Rinzin Dorji

Personal information
- Full name: Rinzin Dorji
- Nationality: Bhutanese
- Born: Bhutan

Sport
- Sport: Track and field
- Event: long-distance running

= Rinzin Dorji (athlete) =

Bhutanese runner

Rinzin Dorji (born 1976) also known as Rinzin Rinzin, is a runner from Pam village in Trashigang, Bhutan. He is the first Bhutanese runner to participate in the New York Marathon.

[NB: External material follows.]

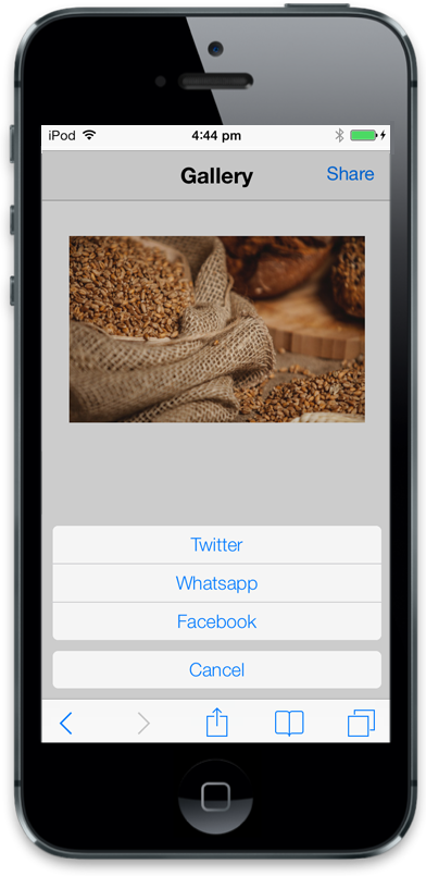 Essential JS Mobile Menu widget can be rendered from a hierarchy of <ul> and <li> and can perform unique actions based on the properties given for each <li> item. You can easily customize the Menu control by changing its properties. In the following code example, the gallery app menu is used to show multiple sharing options to share images.
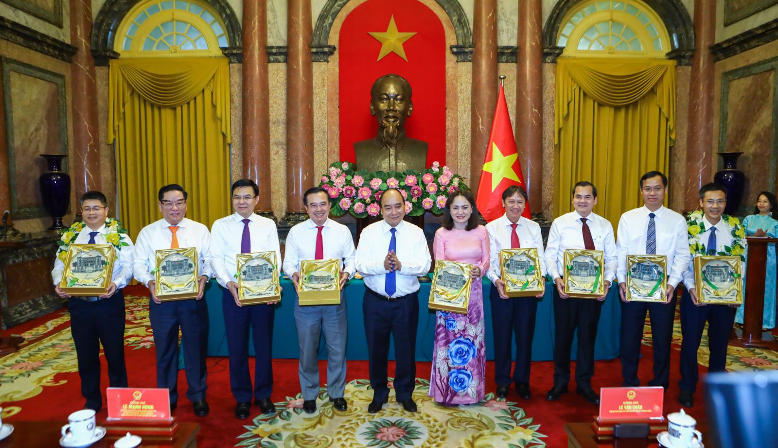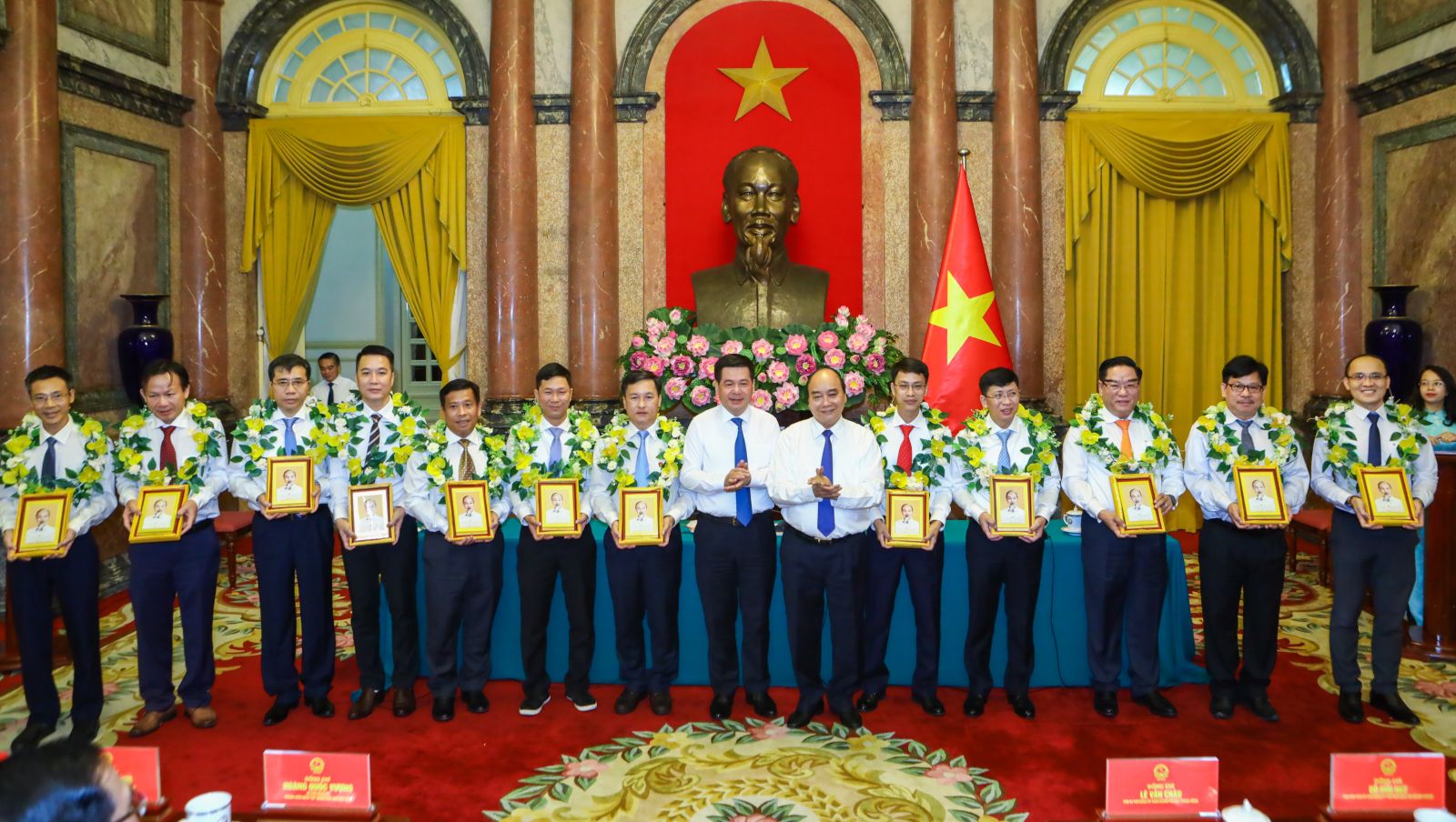 Chủ tịch nước Nguyễn Xuân Phúc cùng Đoàn đại biểu ngành Dầu khí. Ảnh: VPCTN

He is not related to Rinzin Dorji who is a member of the National Council of Bhutan which is the upper house of Bhutan bicameral Parliament. Rinzin worked for Amankora resort as a guide in Paro and would sometimes accompany his guests in the short run. He worked at Amankora from 2004 to May 2010 and quit to pursue a marathon because he felt running provided an opportunity for him. His passion to run was identified by a tourist named Ynaar who is an active member of New York Road Runners, the organizers of the New York City Marathon. Ynaar and Rinzin Dorji used to run together in Bhutan distances up to 20 km. In May 2010, Rinzin Dorji went to New York on invitation from Ynaar to qualify for the New York City Marathon, which he succeeded. Ynaar trained him every day using various routines, which even included cycling and swimming. A coach from Bhutan came to help them before the marathon. Rinzin finished the run in four hours and received a medal and certificate for his participation. He dedicated his run to the coronation of the new king of Bhutan and tsa-wa-sum. After the race he went back to Bhutan to train for next year's marathon. Bhutan Olympic Committee has not officially recognized him. Bhutan has been in the Olympics seven times since the Olympic Committee formation. Bhutan has not yet sent a runner to compete in track in the field as Bhutan only sends archers and has never won a medal in any games. Mary Wittenberg the President of the New York City Road Runners who organize the race sent her congratulations to Rinzin for representing Bhutan and finishing.